2- REITs Are Cost-Efficient

REITs are able to save costs at many levels, including interest expenses, property management and brokerage. Scale brings cost-efficiency, and the superior relationships of REITs give them a significant competitive advantage.

REITs may often own 10s or 100s of properties in a same market, allowing them to manage assets at an exceptionally low cost with internalized property management.

Similarly, REITs have better access to cheaper capital than most private investors. Think of you walking into a bank to ask for a loan, versus a $10 billion REIT walking into the same bank. It is quite clear who is likely to get the best terms on their financing.

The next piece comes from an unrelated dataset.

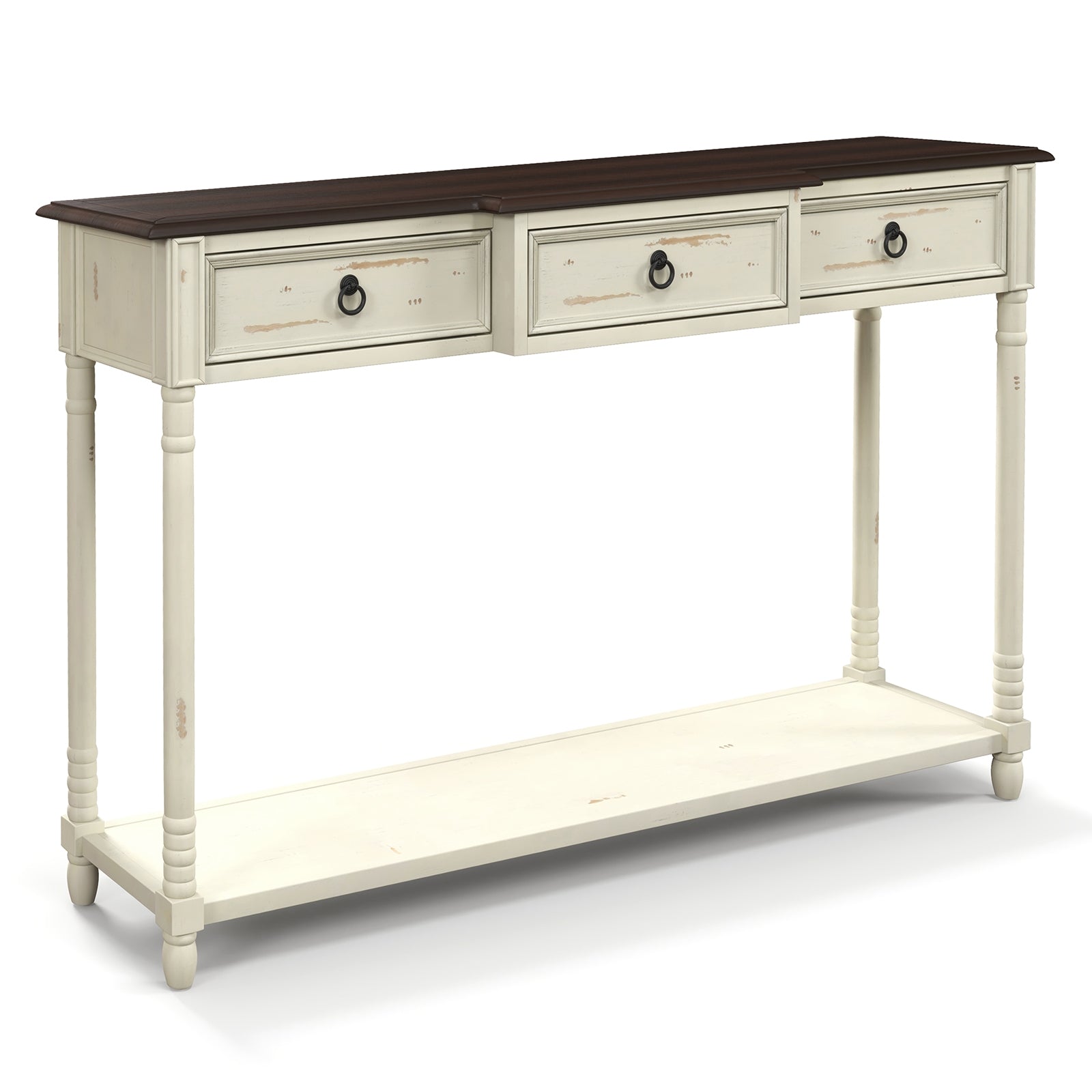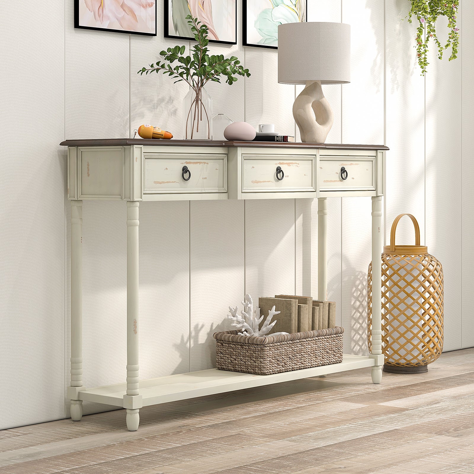 This 52 inch console table combines rustic cottage charm with functional storage, making it a timeless addition to your hallway, entryway, or living room. Crafted with solid wood legs and detailed carved feet, it features a spacious tabletop, three drawers, and a wide bottom shelf to organize and display your favorite items. The distressed off-white and brown finish enhances its vintage character, while thoughtful details like anti-tipping kits and non-slip foot pads ensure stability and safety in everyday use.

Some studies find that REITs have up to 4% head start per year from cost savings compared to other direct property investments. From my experience working in private equity real estate, it is in most cases very difficult for private market investors to ever catch up to this advantage – causing them to underperform in the long run when accounting for all additional expenses and fees.

3- REITs Are Liquid Investments

REITs also greatly reduce the cost of illiquidity as they can be freely traded on liquid markets at minimal transaction cost. In comparison, buying and selling private real estate is very costly and time-consuming. It is common to pay somewhere between 5-10 percent of the purchase price in different fees and transaction costs when buying and/or selling a property.

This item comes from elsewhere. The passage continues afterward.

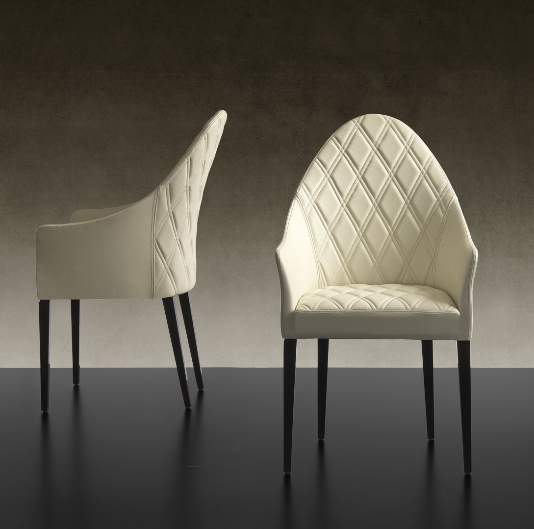 Chair with foamed wooden structure. Upholstery in velvet or leather. Legs in black matt or shiny lacquered wood or Canaletto walnut. Diamond quilting available for seat, back and rear-back.

It dilutes returns considerably for the investors who are essentially losing up to 10% on day one in fees alone when making an investment. In comparison, REITs have already paid transaction costs and own a portfolio in which you can invest by buying shares, saving the real underlying cost of real estate transactions.

The Future Will Be No Different

Most importantly, all of the above factors remain highly relevant today – implying that the outperformance should continue into the future.

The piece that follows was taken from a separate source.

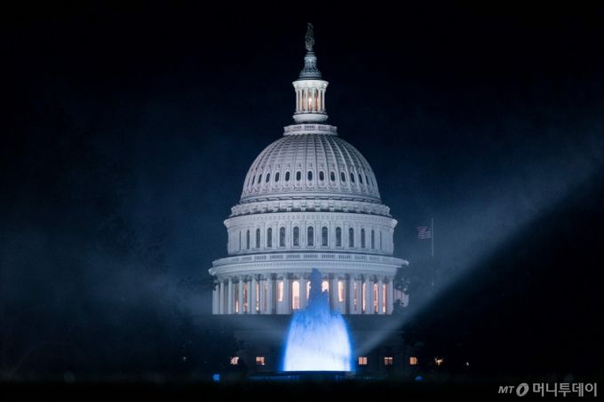 1일(현지시간) 새벽 미국 수도 워싱턴 DC에 위치한 의회 의사당에 환하게 불이 켜져 있다. 상원 공화당 지도부는 오는 4일 독립기념일 이전에 도널드 트럼프 대통령의 이른바 '하나의 크고 아름다운 법안'(메가법안)의 의회 통과를 목표로 마라톤 투표를 진행하고 있다. /워싱턴DC AFP=뉴스1

This is especially true when you consider that REITs are today priced at historically cheap valuations. On a cash flow multiple basis, Lazard notes that REIT valuations have now fallen 20% below the long-term average of 16.5x FFO.

Source: Lazard Real Estate

Moreover, the current P/NAV also suggests that REITs are substantially undervalued at a 4-7% average discount compared to a 2-3% long-term average premium.

Source: Lazard Real Estate

Priced at a discount to the underlying value of the properties, REIT investors are essentially getting all the benefits of the REIT structure for free. In fact, private investors appear to be today paying a premium for their illiquid investments which really makes no sense from a risk-to-reward standpoint.

Our REIT portfolio holds today many positions trading at their lowest valuations in years. We consider these to be significantly undervalued by the market and expect significant upside to materialize in the next years, in addition to the average ~8% dividend yield of our portfolio. With a well-diversified high yielding portfolio of undervalued REITs, we are convinced that we are set to outperform the great majority of private real estate investors.

Bottom Line

  1. REITs outperform private real estate by a large margin and for very good reasons.
  2. There is no reason to believe that the past results would be any different in the future when it comes to REIT’s outperformance over private peers.
  3. Since REITs are historically cheap, the outperformance over private real estate could be even greater in the future.
  4. Our high yielding REIT portfolio appears to be particularly well positioned with an average ~8% dividend yield and capital appreciation potential.

Private real estate has not been able to keep up with REITs in the past, and we do not expect it to do so in the future either.

Disclosure: I am/we are long EPR; IRM. I wrote this article myself, and it expresses my own opinions. I am not receiving compensation for it (other than from Seeking Alpha). I have no business relationship with any company whose stock is mentioned in this article.